- **WHAT TO WORK ON**
In full and word for word, restate the lines of the listing.

(EXTRACTED DATA Opens)

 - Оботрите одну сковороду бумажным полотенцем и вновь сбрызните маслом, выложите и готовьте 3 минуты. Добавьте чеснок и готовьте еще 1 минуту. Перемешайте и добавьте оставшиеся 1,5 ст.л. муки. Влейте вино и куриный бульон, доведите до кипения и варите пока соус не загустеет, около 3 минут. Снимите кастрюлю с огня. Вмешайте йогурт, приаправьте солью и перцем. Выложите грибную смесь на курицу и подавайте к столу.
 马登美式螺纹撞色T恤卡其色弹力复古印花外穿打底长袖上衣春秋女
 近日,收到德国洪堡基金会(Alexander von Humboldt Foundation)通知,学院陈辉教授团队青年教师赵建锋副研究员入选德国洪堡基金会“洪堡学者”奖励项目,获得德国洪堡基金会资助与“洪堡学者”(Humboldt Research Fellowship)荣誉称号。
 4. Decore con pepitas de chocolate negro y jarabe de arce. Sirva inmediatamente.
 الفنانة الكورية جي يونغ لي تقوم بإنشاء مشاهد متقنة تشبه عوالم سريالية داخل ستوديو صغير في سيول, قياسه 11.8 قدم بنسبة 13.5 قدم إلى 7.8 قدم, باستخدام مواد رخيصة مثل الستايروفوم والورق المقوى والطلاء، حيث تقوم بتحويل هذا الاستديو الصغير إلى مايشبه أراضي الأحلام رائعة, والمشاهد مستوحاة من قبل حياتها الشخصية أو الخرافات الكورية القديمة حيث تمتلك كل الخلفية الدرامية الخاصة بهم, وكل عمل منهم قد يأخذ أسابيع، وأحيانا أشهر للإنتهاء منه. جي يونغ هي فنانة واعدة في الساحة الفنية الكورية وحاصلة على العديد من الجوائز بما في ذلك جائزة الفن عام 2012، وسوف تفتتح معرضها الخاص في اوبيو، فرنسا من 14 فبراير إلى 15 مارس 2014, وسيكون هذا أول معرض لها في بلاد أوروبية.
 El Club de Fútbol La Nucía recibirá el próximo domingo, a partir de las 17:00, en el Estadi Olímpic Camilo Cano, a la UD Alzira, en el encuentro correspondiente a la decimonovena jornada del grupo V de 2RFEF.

(EXTRACTED DATA Closes)

- **RESPONSE TO THIS EXERCISE**
 - Оботрите одну сковороду бумажным полотенцем и вновь сбрызните маслом, выложите и готовьте 3 минуты. Добавьте чеснок и готовьте еще 1 минуту. Перемешайте и добавьте оставшиеся 1,5 ст.л. муки. Влейте вино и куриный бульон, доведите до кипения и варите пока соус не загустеет, около 3 минут. Снимите кастрюлю с огня. Вмешайте йогурт, приаправьте солью и перцем. Выложите грибную смесь на курицу и подавайте к столу.
 马登美式螺纹撞色T恤卡其色弹力复古印花外穿打底长袖上衣春秋女
 近日,收到德国洪堡基金会(Alexander von Humboldt Foundation)通知,学院陈辉教授团队青年教师赵建锋副研究员入选德国洪堡基金会“洪堡学者”奖励项目,获得德国洪堡基金会资助与“洪堡学者”(Humboldt Research Fellowship)荣誉称号。
 4. Decore con pepitas de chocolate negro y jarabe de arce. Sirva inmediatamente.
 الفنانة الكورية جي يونغ لي تقوم بإنشاء مشاهد متقنة تشبه عوالم سريالية داخل ستوديو صغير في سيول, قياسه 11.8 قدم بنسبة 13.5 قدم إلى 7.8 قدم, باستخدام مواد رخيصة مثل الستايروفوم والورق المقوى والطلاء، حيث تقوم بتحويل هذا الاستديو الصغير إلى مايشبه أراضي الأحلام رائعة, والمشاهد مستوحاة من قبل حياتها الشخصية أو الخرافات الكورية القديمة حيث تمتلك كل الخلفية الدرامية الخاصة بهم, وكل عمل منهم قد يأخذ أسابيع، وأحيانا أشهر للإنتهاء منه. جي يونغ هي فنانة واعدة في الساحة الفنية الكورية وحاصلة على العديد من الجوائز بما في ذلك جائزة الفن عام 2012، وسوف تفتتح معرضها الخاص في اوبيو، فرنسا من 14 فبراير إلى 15 مارس 2014, وسيكون هذا أول معرض لها في بلاد أوروبية.
 El Club de Fútbol La Nucía recibirá el próximo domingo, a partir de las 17:00, en el Estadi Olímpic Camilo Cano, a la UD Alzira, en el encuentro correspondiente a la decimonovena jornada del grupo V de 2RFEF.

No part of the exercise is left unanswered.